# Judge NOT



## BlkHoneyLuv2U (Feb 7, 2005)

*Hummm, something to think about! *
**********************
I was shocked, confused, bewildered 
       as I entered Heaven's door, 
       Not by the beauty of it all, 
       by the lights or its decor. 

       But it was the folks in Heaven 
       who made me sputter and gasp-- 
       the thieves, the liars, the sinners, 
       the alcoholics, the trash. 

       There stood the kid from seventh grade 
       who swiped my lunch money twice. 
       Next to him was my old neighbor 
      who never said anything nice. 

       Herb, who I always thought 
       was rotting away in hell, 
       was sitting pretty on cloud nine, 
       looking incredi! bly well. 

       I nudged Jesus, "What's the deal? 
       I would love to hear Your take. 
       How'd all these sinners get up here? 
       God must've made a mistake. 

       And why's everyone so quiet, 
       so somber? Give me a clue." 
       "Hush, child," said He "They're all in shock. 
       No one thought they'd see you." 

       Judge NOT. *​


----------



## JenJen2721 (Feb 7, 2005)

I like!


----------



## recherche (Feb 7, 2005)

That's cute


----------



## webby (Feb 7, 2005)

Very clear message. Thanks


----------



## succeda (Feb 7, 2005)

excellent!


----------



## Falon (Feb 7, 2005)

Good one! Very accurate.


----------



## gloomgeisha (Feb 7, 2005)

Why am I not suprised that this didn't get as many replies as it so deserves? LOL! 

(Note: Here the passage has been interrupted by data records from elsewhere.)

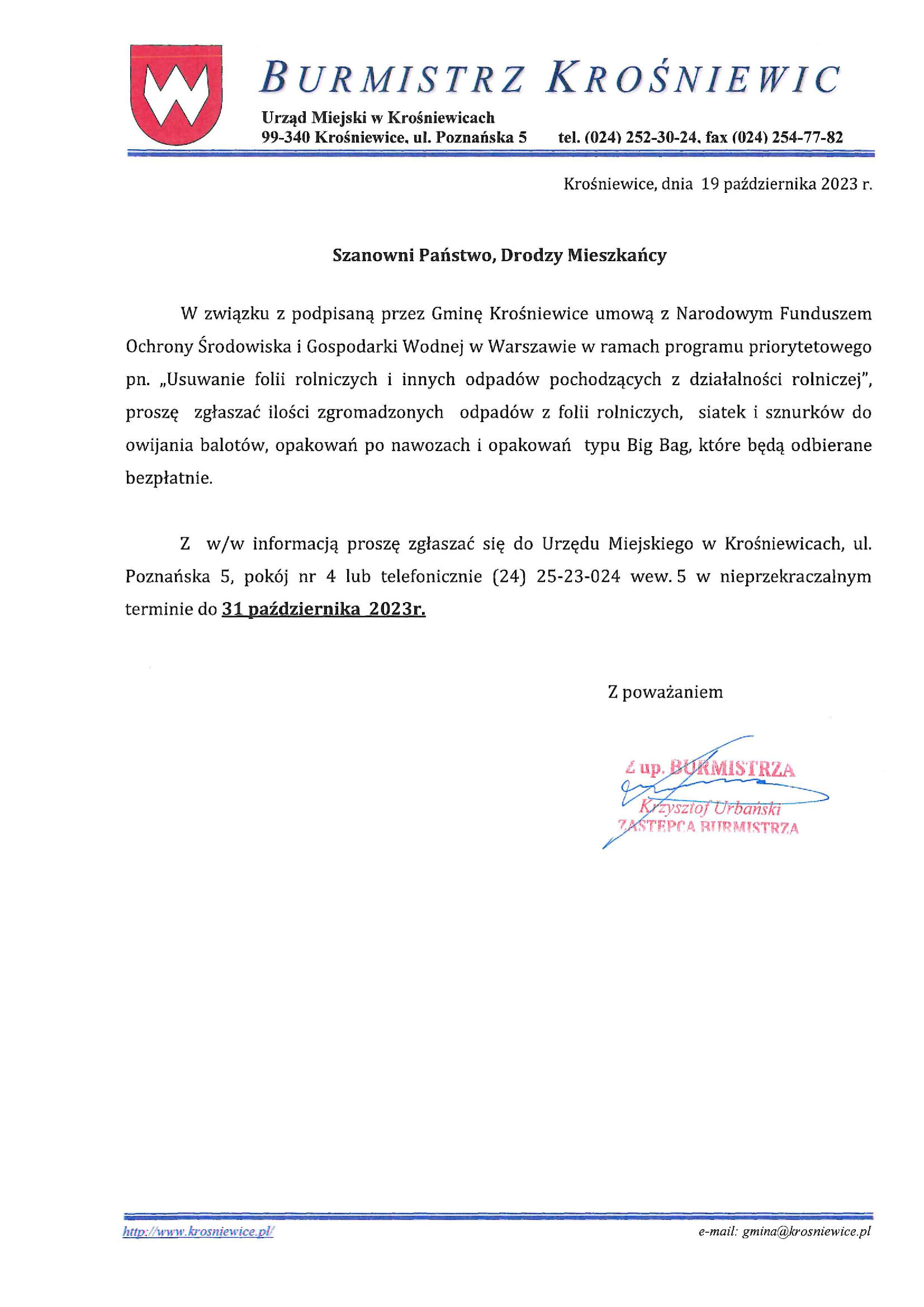 Z w/w informacją proszę zgłaszać się do Urzędu Miejskiego w Krośniewicach, ul. Poznańska 5, pokój nr 4 lub telefonicznie (24) 25-23-024 wew. 5 w nieprzekraczalnym terminie do 31 października 2023r.
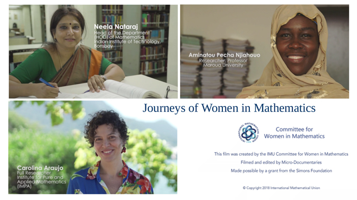 Este pequeño documental de unos veinte minutos expone las experiencias positivas y negativas que las mujeres matemáticas de todo el mundo afrontan día a día, contadas en primera persona por algunas de ellas. A lo largo del trabajo se presentan distintos perfiles de mujeres matemáticas de diferentes lugares que hablan sobre sus investigaciones, las aspiraciones matemáticas de las mujeres de su país y cómo la comunidad matemática internacional podría apoyarlas.
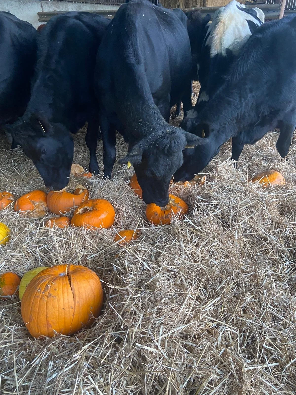 The cows are back home again for the winter and are enjoying some leftover pumpkins.
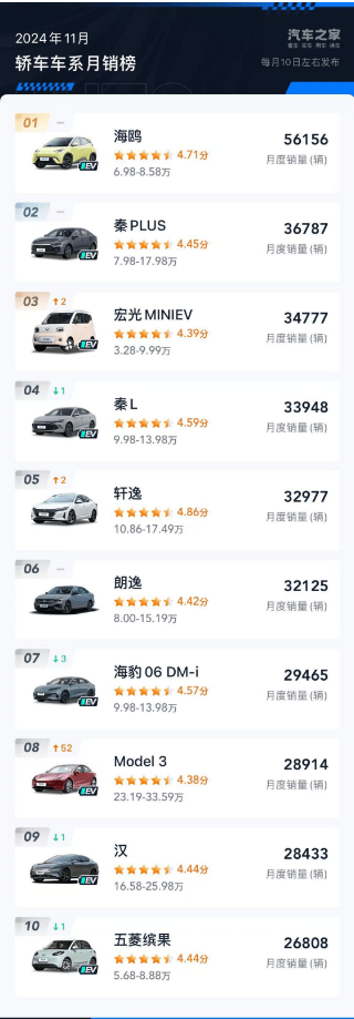 11月份轎車銷量排行榜前十名出爐,燃油車就剩三款車了,一起來(lái)看看吧!

An excellent poem! Much Kudos!


----------



## sbg4evr (Feb 7, 2005)

This is so true.


----------



## pebbles (Feb 9, 2005)

ladydee36330 said:
			
		

> *Hummm, something to think about! *
> **********************
> I was shocked, confused, bewildered
> as I entered Heaven's door,
> ...



Wow!! Thank-you, *Jesus*, for your saving grace!! _Lord knows_ I didn't deserve it, but He did it for me anyhow!! :notworthy


----------



## dreemssold (Feb 9, 2005)

_EXCELLENT post ._


----------



## Belle Du Jour (Feb 9, 2005)

Thanks for sharing!  Goodness knows I fall short.


----------



## victorious (Feb 9, 2005)

A good spiritual check-up to keep me on track.  Thanks!


----------



## Sweet C (Feb 9, 2005)

This was a really good post!


----------



## PaperDoll (Feb 9, 2005)

Amen! 
Good post!


----------



## EXSQUISIT (Feb 9, 2005)

I really liked that!  Awesome!


----------



## bellydancer (Feb 9, 2005)

lol i like that!


----------



## Puddles (Feb 9, 2005)

ladydee36330 said:
			
		

> *Hummm, something to think about! *
> **********************
> I was shocked, confused, bewildered
> as I entered Heaven's door,
> ...



This is so true. Thanks for sharing.


----------



## Nyambura (Feb 9, 2005)

Thanks for posting, Miss Lady Dee.


----------



## miracle (Feb 9, 2005)

*Amen and Amen!!!!*


----------



## AngelicRose07 (Feb 9, 2005)

i like this! makes a person rethink thier own actions!


----------



## honeycomb719 (Feb 9, 2005)

I loved it   I'm printing it to share w/ others..


----------



## Laela (Jun 21, 2009)

wow... good post!


----------



## inthepink (Jun 21, 2009)

Isn't that the truth! Thanks for sharing!


----------



## chicacanella (Jun 21, 2009)

*Matthew 7:1*

*1"Do not judge, or you too will be judged. 2For in the same way you judge others, you will be judged, and with the measure you use, it will be measured to you.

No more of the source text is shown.